More about DEBS 2013  --- soon. 

Friday, May 17, 2013

Prelude to the DEBS 2013 tutorial

The notable event of this week in our family was the wedding of our eldest daughter Anat. In the picture you can see Anat, her new husband Adi with my wife and myself, in fancy dresses.

It was also very loaded week at work, one of the items has been submitting extended abstract of the  tutorial that Jeff Adkins and myself are  planned to deliver in DEBS 2013.     So here is the tentative outline we submitted in the original proposal:

Outline  
Topic I:  Introduction – Brief history of event processing  
Topic II:  The major differentiation factors of event-based thinking
Topic III:  The ontology of events and event influence
Topic IV:  Anatomy of reactive systems 
Topic V: Pragmatics – a computational independent model for event-based systems 

The tutorial starts with follows some of my previous postings about "event oriented thinking",   and Jeff's 4D classification.  It analyzes the way that people think about systems in the conventional way vs. the way people think in event-driven fashion, and gets into the role of events in language, and in system modeling.  
Unlike the implementation oriented thinking we usually employ -- this is a computational independent thinking, it looks at the event-based systems from the customer's perspective.     See (at least some of) you in Arlington.

Wednesday, April 17, 2013

DEBS 2013 - keynotes and tutorials were published


DEBS 2013 will take place in the campus of the University of Texas Arlington, in June 29- July 3.
Today the keynotes and tutorials were published on the conference's website:

The keynote speakers this time will be: Roger Barga from Microsoft, one of the first persons in Microsoft Research who worked on event processing, and crossed the line to the product organization and deals now with product management.  Roger will talk about "the rise of the velocity pipeline in enterprise computing" that will focus on the velocity part of big data that makes batch solutions like Hadoop as inadequate.
The second keynote speaker is David Wollman who manage the smart grids standard activities in  NIST  will talk about smart grids.

There will be four tutorials - all of them of known people active in the area.
The first one will be given by my IBM colleagues from the System S team who will talk about "stream processing optimizations".  
The second one will be given by Christoph Emmersberger  an Florian Springer (both of them I know from their past association with Rainer von Ammon), who will talk about the event processing capabilities of Apache Camel.
The third one will also be given in German accent, by Boris Koldehofe and  Frank Dürr from University of Stuttgart.

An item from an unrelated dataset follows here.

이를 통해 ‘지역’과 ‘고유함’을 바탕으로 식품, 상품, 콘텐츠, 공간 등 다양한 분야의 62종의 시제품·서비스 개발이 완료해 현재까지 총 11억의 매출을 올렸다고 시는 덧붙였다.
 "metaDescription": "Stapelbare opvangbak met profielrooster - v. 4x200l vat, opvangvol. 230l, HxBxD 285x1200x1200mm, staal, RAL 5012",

They will talk about "Software defined networks".
Last -- keeping the tradition, I'll be giving a tutorial this year also, this time together with Jeff Adkins, on a topic that we are both dealing - "why is event driven thinking different from regular thinking about computing". I'll write about this tutorial at a later phase (well, we have to prepare it first), meanwhile you can read the short abstract on the site.  Hope to meet old friends and colleagues in Arlington.   
More - later.

Monday, July 16, 2012

DEBS 2012 tutorial on event processing design patterns


In the morning I had to attend the tutorial that I have co-presented,  but in the afternoon I was free to chose among three tutorials.  Out of sheer laziness I stayed in the same room and listened to the tutorial given on behalf of the EPTS reference architecture workgroup.   The gang of four that presented this tutorial were:
  • Paul Vincent (who gave his performance wearing a papillon  tie - I hope that somebody took a picture of him, I have put a picture of some papillon tie as a place holder)

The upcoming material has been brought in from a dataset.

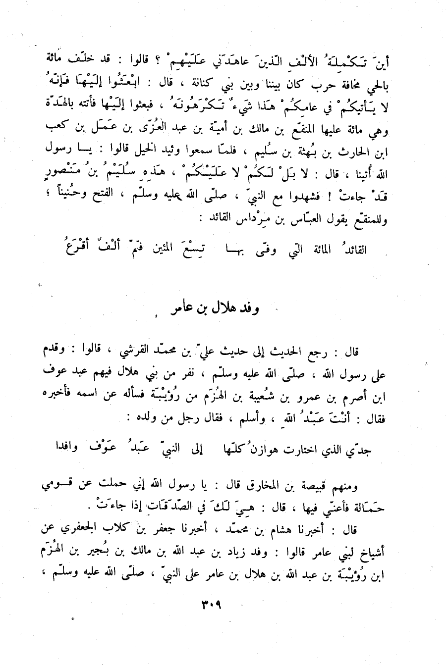 قَالَ: أَخْبَرَنَا هِشَامُ بْنُ مُحَمَّدٍ، أَخْبَرَنَا جَعْفَرُ بْنُ كِلَابٍ الْجَعْفَرِيُّ، عَنْ أَشْيَاخٍ لِبَنِي عَامِرٍ قَالُوا: وَفَدَ زِيَادُ بْنُ عَبْدِ اللَّهِ بْنِ مَالِكِ بْنِ بُجَيْرِ بْنِ الْهُزَمِ بْنِ رُؤَيْبَةَ بْنِ عَبْدِ اللَّهِ بْنِ هِلَالِ بْنِ عَامِرٍ عَلَى النَّبِيِّ صلّى الله عليه وسلم

      Paul was the main presenter, and also presented the TIBCO interpretation and the Oracle one (covering  
      for Alex Alves who couldn't arrive).
  • Adrian Paschke - who presented the Prova interpretation (Prova is an open source that he co-developed)
  • Catherine Moxey - who presented the IBM Websphere Operational Decision Management (WODM) intepretation 
  • Martin Hirzel - who represented IBM Infosphere Streams



I need to review this tutorial carefully in order to comments,  but several comments off-hand;

First - I think that the team has done a very thorough work of trying to classify functions, map them to various implementations, they also attempted to map them to the EPIA book that Peter Niblett and myself have composed.   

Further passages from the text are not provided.